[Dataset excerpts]
□ □ □ □ □

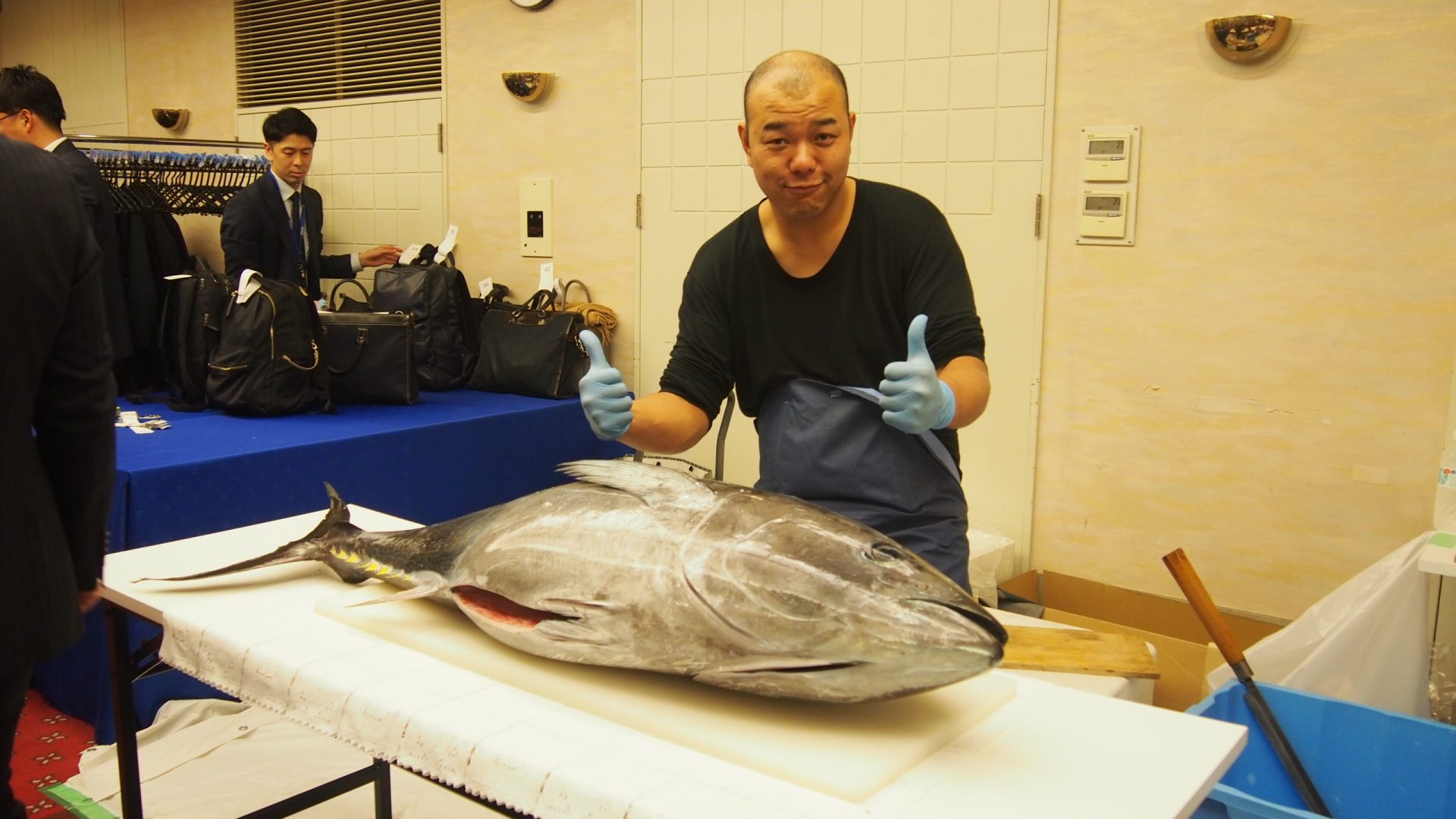 皆様にまぐろ解体ショーとお寿司を堪能していただきました。
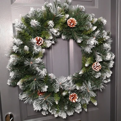 Add some greenery to the home this Christmas with this 60cm Frosted Glacier wreath. 40cm sturdy green metal double ring frame, wrapped with green branches with painted white tips for a frosted effect. Includes decorative pine cones that have been lightly painted for a wintery feel. Quick and easy to setup, simply arrange the branches to preference which should give an approximate diameter of 60cm. Contains 200 tips for a full and bushy look. Matching items also available; search for "Frosted Glacier"
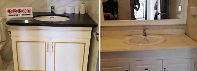 Ngoài ra, theo anh Thắng, với nhà mẫu thì cửa thông phòng có màu trắng, còn trên thực tế khi anh xem căn hộ trước bàn giao thì lại có màu đỏ. Ở phòng vệ sinh, tủ và gương cũng khác hẳn và xấu hơn nhiều.
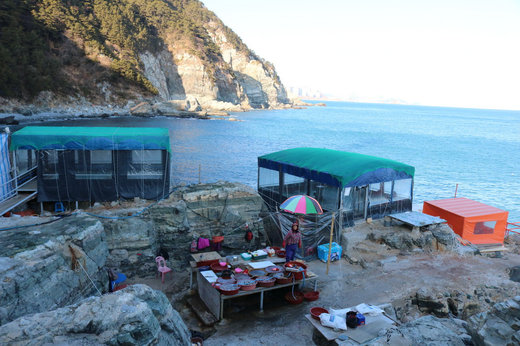 덮인 자갈마당과 바닷물을 끌어들여 만들어 놓은 풀장인 '곤포의
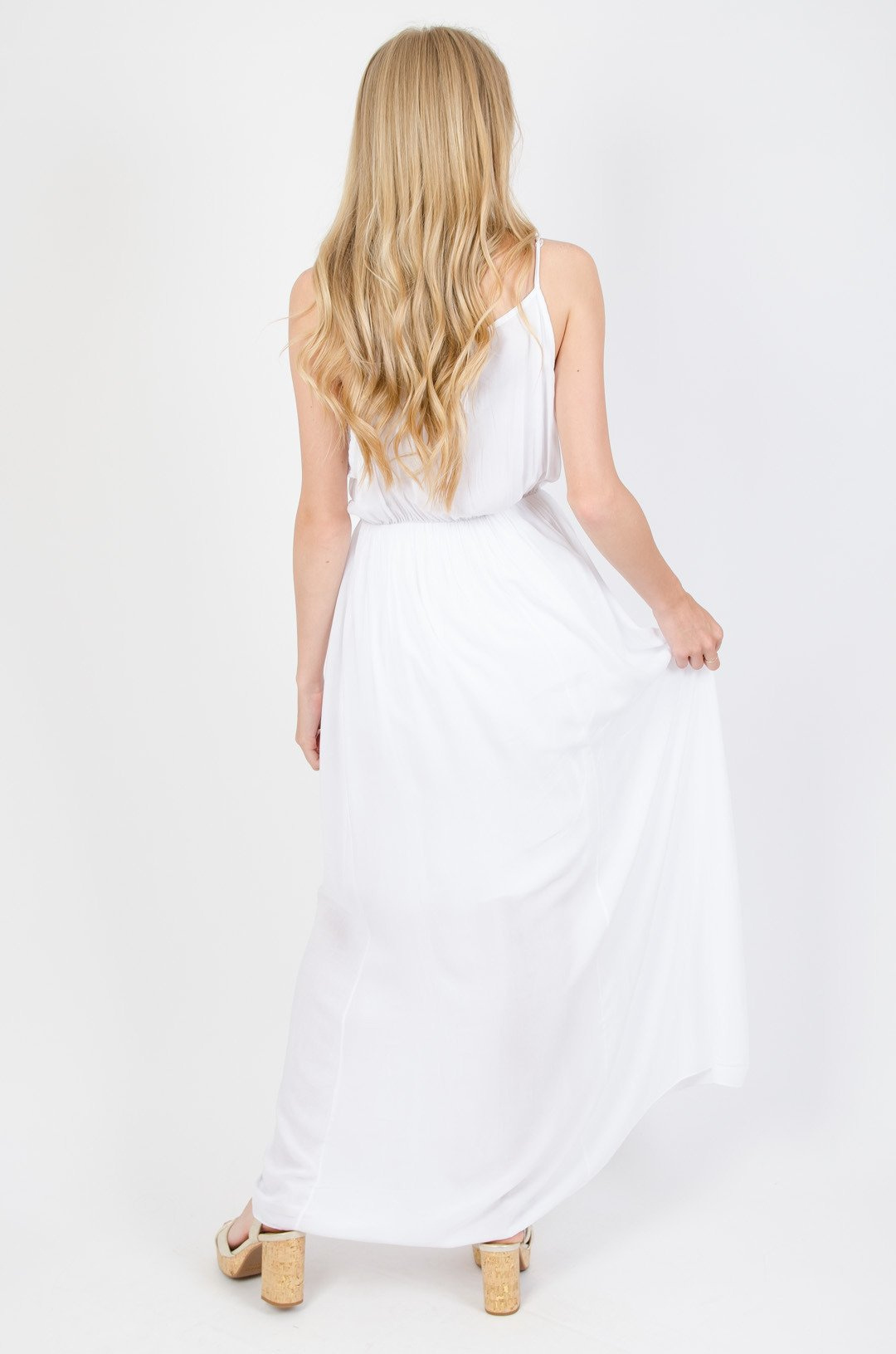 Biała długa sukienka obszyta cekinami- guma w pasie .
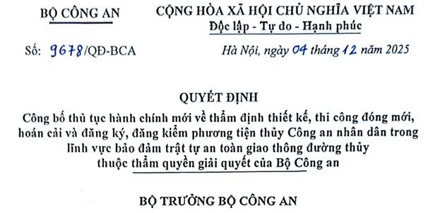 Ngày 04/12/2025, Bộ trưởng Bộ Công an ký ban hành Quyết định số 9678/QĐ-BCA về việc công bố thủ tục hành chính mới về thẩm định thiết kế, thi công đóng mới, hoán cải và đăng ký, đăng kiểm phương tiện thuỷ Công an nhân dân trong lĩnh vực bảo đảm trật tự an toàn giao thông đường thuỷ thuộc thẩm quyền giải quyết của Bộ Công an.
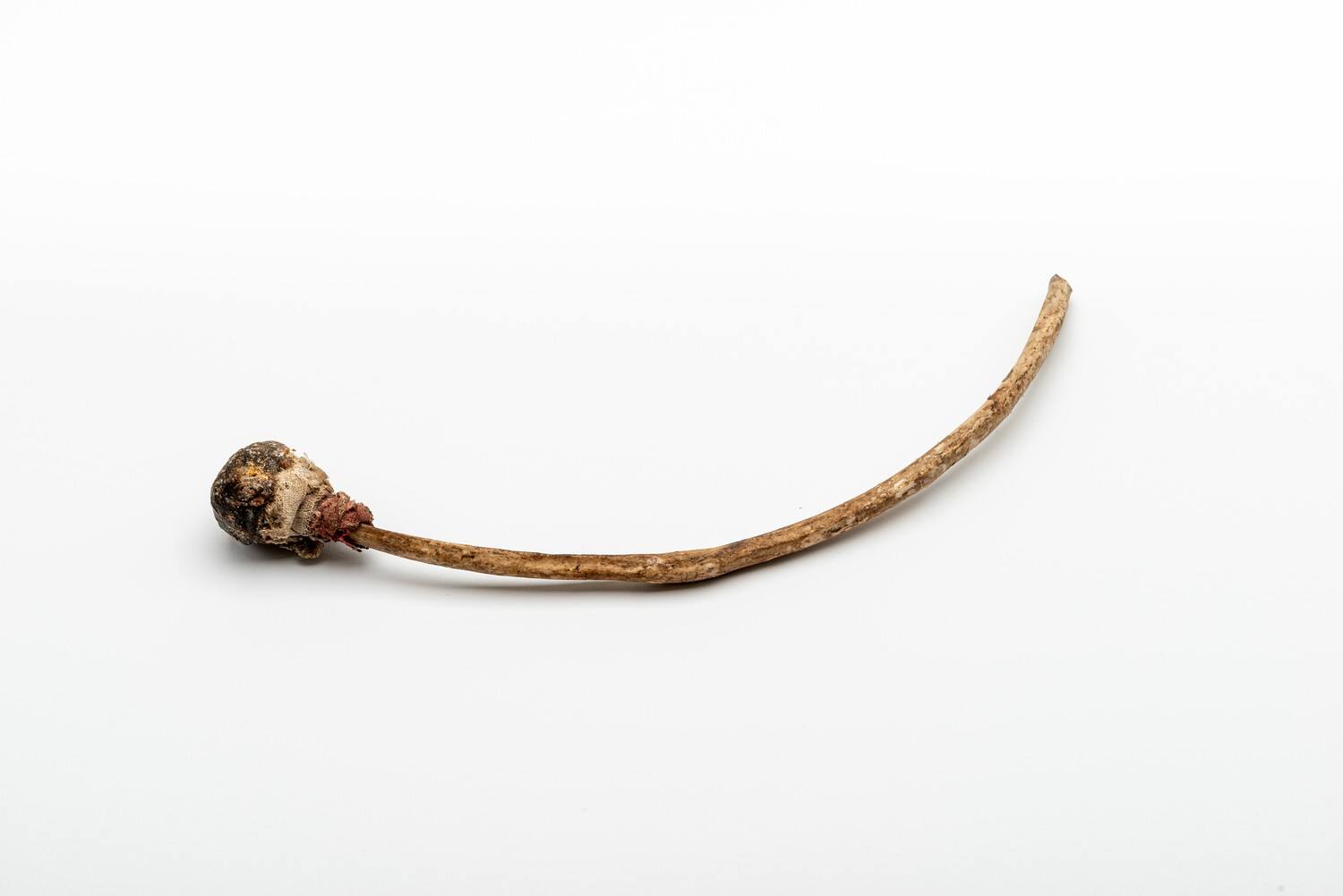 DescriptionKopal an einer Rippe eines Tapirs. Mit diesem Töpferwerkzeug werden die Innenflächen der Gefäße sofort nach dem Brand gefirnisst. Das Kopalstück schmilzt und zerfließt auf der noch heißen Gefäßwand. Dabei muss äußerst schnell gearbeitet werden. Mehrere Frauen arbeiten gleichzeitig an einem größeren Gefäß, um die kurze Zeitspanne der optimalen Temperatur gut auszunutzen.DimensionsL x B: 34,5 × 4 cm
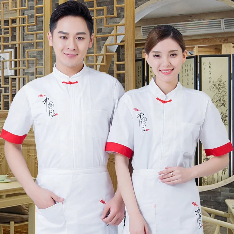 Chinese Style Breathable Thin Kitchen Apparel Short-Sleeved Summer Chef Work Clothes for Men Women for Cooking Restaurant Bar
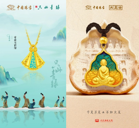 激活文化艺术IP的当代价值,推动非遗技艺的活化,创新应用珐琅、花丝等传统工艺,打造“只此青绿”“大足金”“国宝守护”等文化艺术IP作品,以生动实践致力于“让收藏在博物馆里的文物、陈列在广阔大地上的遗产、书写在古籍里的文字都活起来”,让消费者在佩戴中感知历史、触摸文明。
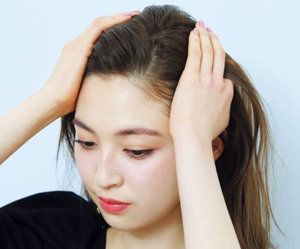 8:2くらいになるように、小指を差し入れ分け目を立ち上げるようにして作る。コームで分けると綺麗になりすぎるのでNG。
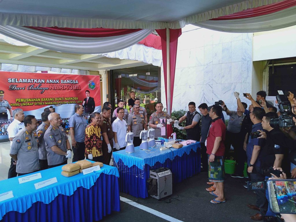 Selasa, (09072019) bertempat di halaman Polda Sumsel, berlangsung pemusnahan barang bukti narkoba hasil ungkap ditres Narkoba Polda Sumsel 2019, Kapolda Sumsel Irjen. Pol Firli mengatakan bahwa bahwa bahaya narkoba sangat dasyat, Masalah narkoba tidak akan pernah selesai selama ada permintaan barang. Menurut Kapolda penangkapan tersangka narkoba tidak akan menghentikan peredaran narkoba menurutnya jauh lebih penting adalah upaya pendidikan dan pencegahan. “Saya sebenarnya sedih dengan adanya penangkapan para tersangka, kenapa ?, karena penangkapan merupakan bukti kegagalan kita dalam mendidik dan mencegah gernerasi bangsa untuk menjauhi narkoba. dan ini jauh lebih penting, ” ucap Kapolda.
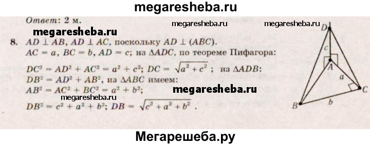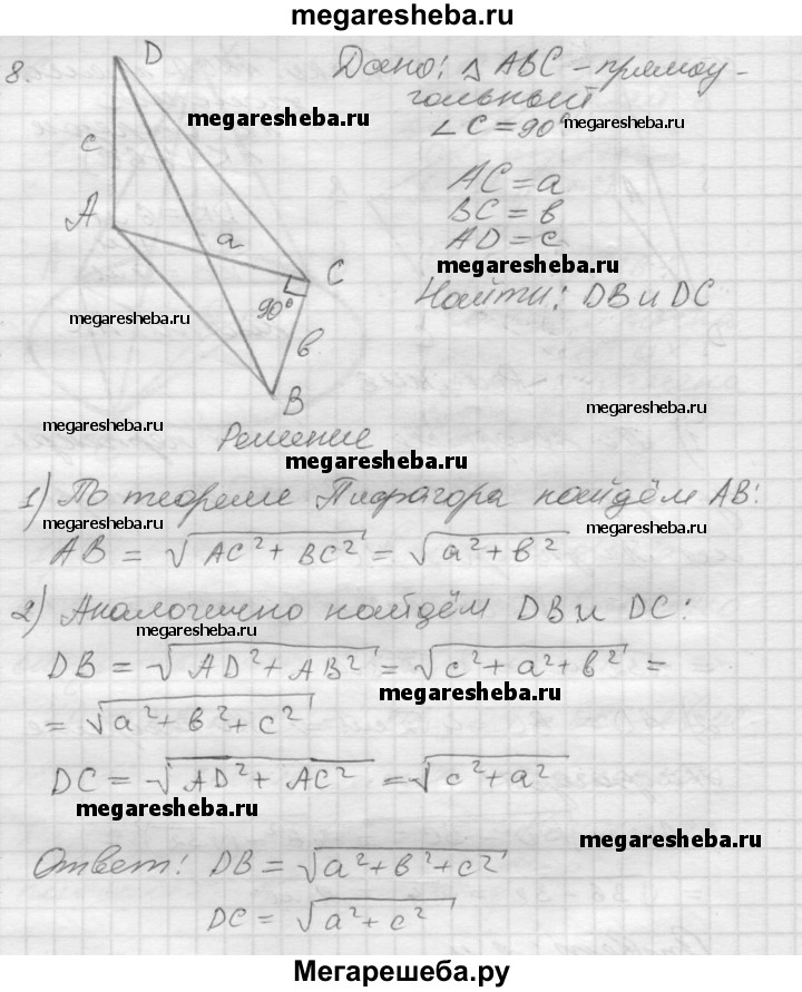 8. Через вершину острого угла прямоугольного треугольника ABC с прямым углом С проведена прямая AD, перпендикулярная плоскости треугольника. Найдите расстояния от точки D до вершин В и С, если АС = а, ВС = b, AD = с.
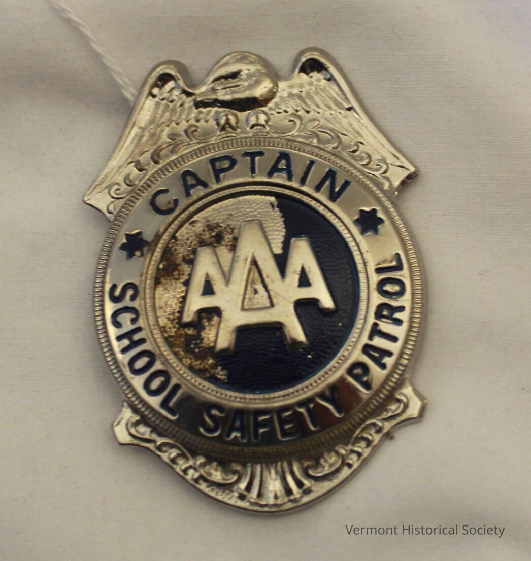Silver-toned metal badge consisting of a circle topped with an eagle. The initials AAA are molded into the center of the circle, over a mottled ground painted black (paint now largely missing). The border of the circle bears the inscription, "CAPTAIN SCHOOL SAFETY PATROL".
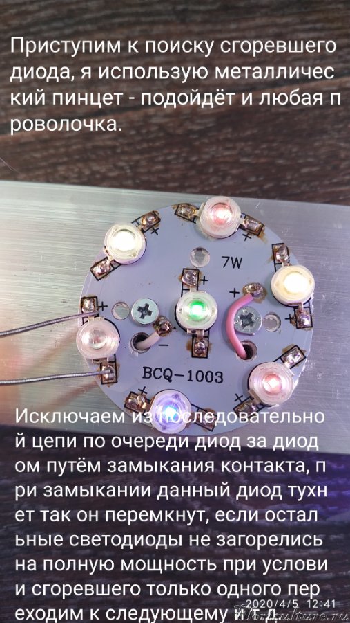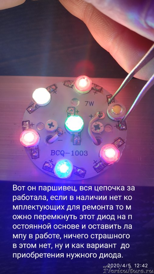 В фул спектре все светодиоды одинаковые так что ничего страшного, попробуете как я покажу чуть позже, если один окажется не рабочим, то обязательно лампа заработает, а там уже примите решение либо так оставить либо по гарантии, если окажется более одного не рабочим то скажу как найти :wink:

□ □ □ □ □

:: Work request ::
Please write out all the data word for word, but keep every picture out.

:: Answer to this problem ::
 皆様にまぐろ解体ショーとお寿司を堪能していただきました。
 Add some greenery to the home this Christmas with this 60cm Frosted Glacier wreath. 40cm sturdy green metal double ring frame, wrapped with green branches with painted white tips for a frosted effect. Includes decorative pine cones that have been lightly painted for a wintery feel. Quick and easy to setup, simply arrange the branches to preference which should give an approximate diameter of 60cm. Contains 200 tips for a full and bushy look. Matching items also available; search for "Frosted Glacier"
 Ngoài ra, theo anh Thắng, với nhà mẫu thì cửa thông phòng có màu trắng, còn trên thực tế khi anh xem căn hộ trước bàn giao thì lại có màu đỏ. Ở phòng vệ sinh, tủ và gương cũng khác hẳn và xấu hơn nhiều.
 덮인 자갈마당과 바닷물을 끌어들여 만들어 놓은 풀장인 '곤포의
 Biała długa sukienka obszyta cekinami- guma w pasie .
 Ngày 04/12/2025, Bộ trưởng Bộ Công an ký ban hành Quyết định số 9678/QĐ-BCA về việc công bố thủ tục hành chính mới về thẩm định thiết kế, thi công đóng mới, hoán cải và đăng ký, đăng kiểm phương tiện thuỷ Công an nhân dân trong lĩnh vực bảo đảm trật tự an toàn giao thông đường thuỷ thuộc thẩm quyền giải quyết của Bộ Công an.
 DescriptionKopal an einer Rippe eines Tapirs. Mit diesem Töpferwerkzeug werden die Innenflächen der Gefäße sofort nach dem Brand gefirnisst. Das Kopalstück schmilzt und zerfließt auf der noch heißen Gefäßwand. Dabei muss äußerst schnell gearbeitet werden. Mehrere Frauen arbeiten gleichzeitig an einem größeren Gefäß, um die kurze Zeitspanne der optimalen Temperatur gut auszunutzen.DimensionsL x B: 34,5 × 4 cm
 Chinese Style Breathable Thin Kitchen Apparel Short-Sleeved Summer Chef Work Clothes for Men Women for Cooking Restaurant Bar
 激活文化艺术IP的当代价值,推动非遗技艺的活化,创新应用珐琅、花丝等传统工艺,打造“只此青绿”“大足金”“国宝守护”等文化艺术IP作品,以生动实践致力于“让收藏在博物馆里的文物、陈列在广阔大地上的遗产、书写在古籍里的文字都活起来”,让消费者在佩戴中感知历史、触摸文明。
 8:2くらいになるように、小指を差し入れ分け目を立ち上げるようにして作る。コームで分けると綺麗になりすぎるのでNG。
 Selasa, (09072019) bertempat di halaman Polda Sumsel, berlangsung pemusnahan barang bukti narkoba hasil ungkap ditres Narkoba Polda Sumsel 2019, Kapolda Sumsel Irjen. Pol Firli mengatakan bahwa bahwa bahaya narkoba sangat dasyat, Masalah narkoba tidak akan pernah selesai selama ada permintaan barang. Menurut Kapolda penangkapan tersangka narkoba tidak akan menghentikan peredaran narkoba menurutnya jauh lebih penting adalah upaya pendidikan dan pencegahan. “Saya sebenarnya sedih dengan adanya penangkapan para tersangka, kenapa ?, karena penangkapan merupakan bukti kegagalan kita dalam mendidik dan mencegah gernerasi bangsa untuk menjauhi narkoba. dan ini jauh lebih penting, ” ucap Kapolda.
 8. Через вершину острого угла прямоугольного треугольника ABC с прямым углом С проведена прямая AD, перпендикулярная плоскости треугольника. Найдите расстояния от точки D до вершин В и С, если АС = а, ВС = b, AD = с.
Silver-toned metal badge consisting of a circle topped with an eagle. The initials AAA are molded into the center of the circle, over a mottled ground painted black (paint now largely missing). The border of the circle bears the inscription, "CAPTAIN SCHOOL SAFETY PATROL".
 В фул спектре все светодиоды одинаковые так что ничего страшного, попробуете как я покажу чуть позже, если один окажется не рабочим, то обязательно лампа заработает, а там уже примите решение либо так оставить либо по гарантии, если окажется более одного не рабочим то скажу как найти :wink:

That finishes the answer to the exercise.